It is practically impossible to teach good programming to students that have had a prior exposure to BASIC: as potential programmers they are mentally mutilated beyond hope of regeneration.

With all due respect to Dijkstra, it's not just BASIC! There is a basic problem with the von Neumann paradigm itself, but, because we have been taught since the '50s that you can do anything with it, this paradigm is very seldom questioned. I have frequently detected a certain degree of nervousness on the part of many programmers encountering FBP for the first time, at not being able to control the exact timing of every event in a running application! This is in part due to the very sensitive nature of the von Neumann storage model, and the fact that it confuses data with its storage medium.

I have been wrestling with how best to convey the difference between the old "von Neumann" storage mental model and that of Flow-Based Programming, and I am starting to think that the description in Chap. 3 of the book, "Flow-Based Programming", says it best. Since it is a little long for this essay, I would ask the reader to click on Chap. 3 - Concepts online, or look it up in their copy of the book - do a find on Fig. 3.1, and continue from there.

We sometimes refer to FBP as a "new/old" paradigm, because in fact its approach and methodology has parallels with Unit Record systems, which were used for the first data processing applications and were highly asynchronous and component-oriented. When these applications started being replaced by computers, which seemed so much more powerful, a lot of useful concepts were lost... which FBP is now reintroducing.

An application built using FBP may be thought of as a "data processing factory": a network of independent "machines", communicating by means of conveyor belts, across which travel structured chunks of data, which are modified by successive "machines" until they are output to files or discarded. The various "machines" run in parallel, or interleaved, as determined by the number of processors in the machine. It should be pointed out that this same image can be applied to networks of computers or other devices - Wayne Stevens pointed out that FBP provides a "consistent application view" from "maxi" to "mini". Granted each FBP process is a von Neumann program, but it runs independently of all other processes, and so tends to be quite simple internally. Almost all of the data that an FBP process deals with is held in "information packets" (IPs) or in method local storage. Unlike in conventional programming, the programmer does not have to worry about controlling the exact sequence of events - all s/he needs to concentrate on is the transformations that apply to the data to convert the original inputs to the desired output.

More importantly, the ways data is viewed in FBP vs. conventional programming (as well as many FBP-inspired systems) are completely different: in FBP, data is managed in packets (IPs), which have a well-defined lifetime, from creation to destruction, and can only be owned by one process at a time, or be in transit between processes - just like real-life objects. In conventional programming, data does not have a well-defined lifetime or clear ownership, as the data is confused with its storage medium. This, in combination with the single-threaded restriction, leads to many of the weird bugs that bedevil today's complex systems, as it is so sensitive to the exact timing of events that a minor timing error can have catastrophic results!

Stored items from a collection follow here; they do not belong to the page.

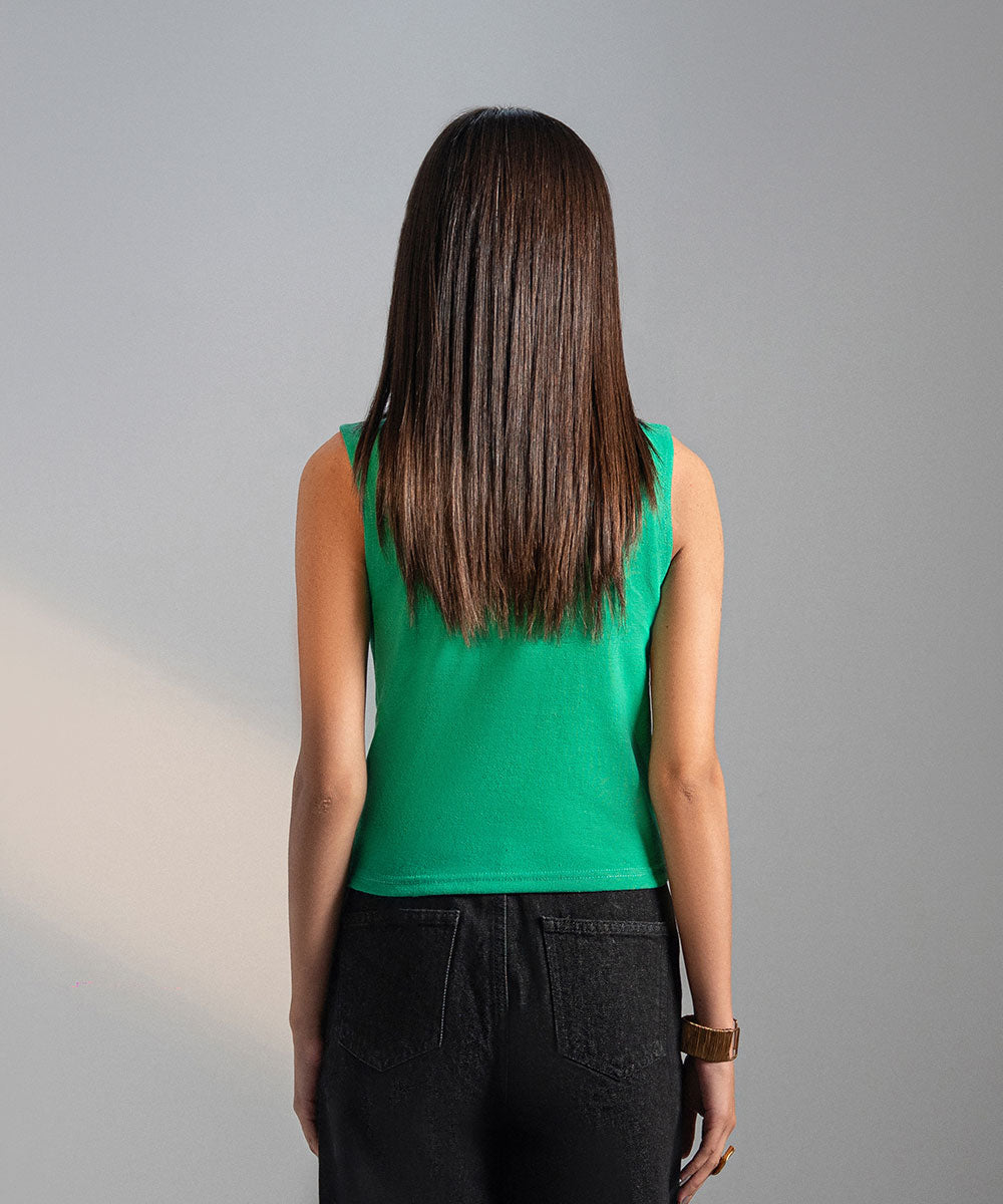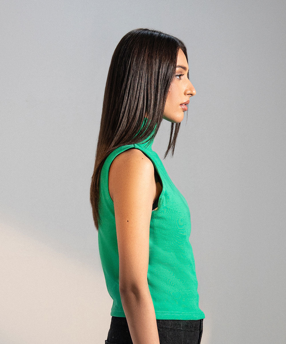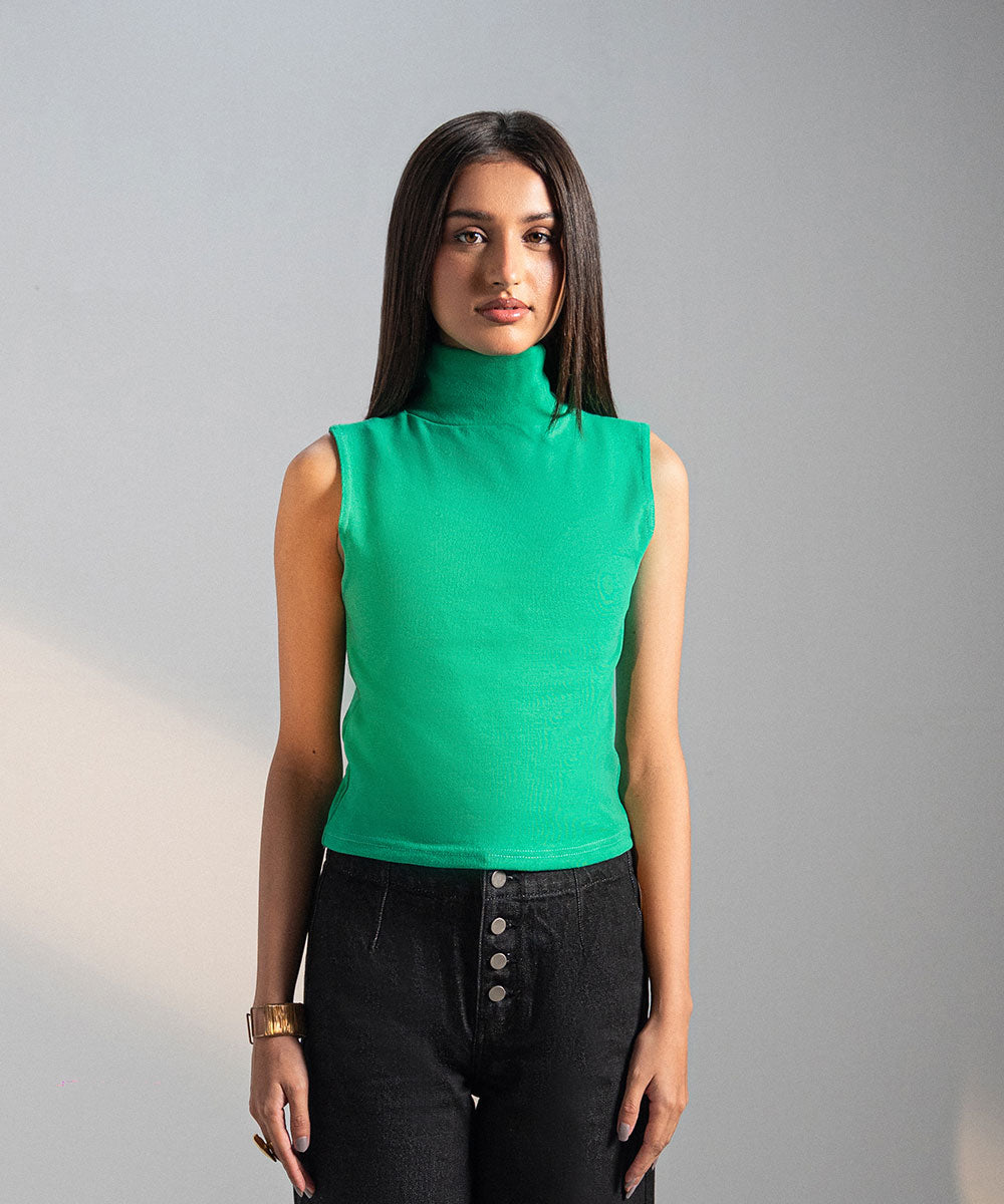 Design details: Soft green ribbed top with classic turtle neck, slim fit, and clean lines.
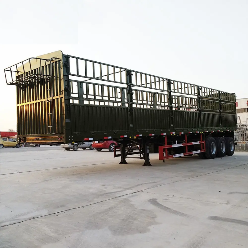 รถบรรทุกพ่วงแบบมีรั้ว 3 เพลา รับน้ำหนัก 30-80 ตัน สำหรับขนส่งสินค้า
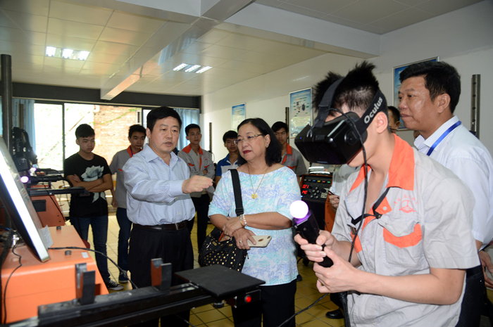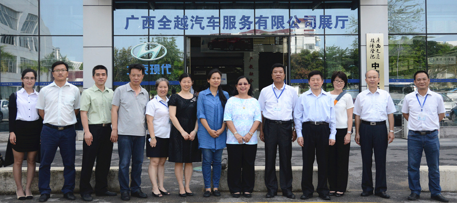 作为国家重点、国家示范学校,国家级高技能人才培训基地,我院一直秉持“依托交通、校企交融、重德强技、服务行业”的办学宗旨,实现了专业建设与行业发展深度对接,教学内容与岗位标准深度对接。近年来,学院积极拓宽学生就业渠道的同时充分发挥行业优势,为广西汽车行业培养和输送了大量中高级技能人才。自治区人社厅引进国外智力处处长、自治区外国专家局副局长汪靓,自治区人社厅引进国外智力处副处长孙永超,自治区人社厅就业促进处副调研员吴骏强,自治区交通运输厅科教处副调研员张迎春,自治区道路运输管理局党委书记罗华以及我院院长钟修仁、院长助理樊海林等陪同调研。

FBP supports data processing applications (business or scientific), typically long-running and high volume, and, as we have shown, involves a way of thinking (the new "paradigm") that is fundamentally different from that of conventional programming. This paradigm is actually more similar to engineering than to conventional programming, and, not surprisingly, involves a period of what might be called "apprenticeship", during which the practitioner is getting comfortable using its concepts. Conventional programming, by comparison, is as if you gave an engineer a bunch of blueprints and some girders, and told him or her to go build a bridge! It's not surprising that so many systems built using conventional technologies in recent years have suffered from cost overruns, logic glitches, etc., etc., and the problem is getting worse!

While data-oriented models have been used for application design for a number of years, up until now there was no easy way of converting these designs into running programs. Programmers could indeed design systems using data-oriented thinking, but then had to laboriously convert these designs into procedural code. In comparison, FBP provides a seamless transition from design to implementation, and our experience with it shows that it results in more maintainable and in fact better performing systems. It also facilitates communication between designers, programmers, maintenance staff and users. One large program written using an early ("green thread") implementation of FBP had been running in production for almost 40 years (as of the beginning of 2014), processing millions of transactions a night, while undergoing continuous maintenance during all that time, often by people who weren't even born when it was written!

While an FBP process is a "black box" component with its own internal environment and control thread, a NoFlo process is essentially a cloud of callbacks linked by instance variables. By comparison, the FBP mental model of a single process is much simpler - indeed, very similar to that of conventional programming - as basically each process has a single high-level method, which can then call subroutines in the normal way, as each process has its own independent call stack. There is then no confusion between the method's local storage and the process object's instance variables. Henri Bergius was able to simulate many FBP-inspired characteristics on the Node.js infrastructure, but some rather basic, and necessary, FBP techniques have no obvious counterpart in NoFlo. For instance, basic FBP business functions such as "Collate" require a process to be specific about which port it wants to receive from, and to be able to suspend until data arrives at that port - this function, or something similar, is being introduced gradually into NoFlo, but it logically requires a related architectural concept, missing from NoFlo, called "back pressure", where an upstream process will be suspended if the connection it feeds into becomes full. Back pressure is the only way I am aware of that allows "infinite" amounts of data to be processed using finite resources! The NoFlo team tells me that they have been making changes to NoFlo to bring it closer to FBP, so we shall see what the future brings.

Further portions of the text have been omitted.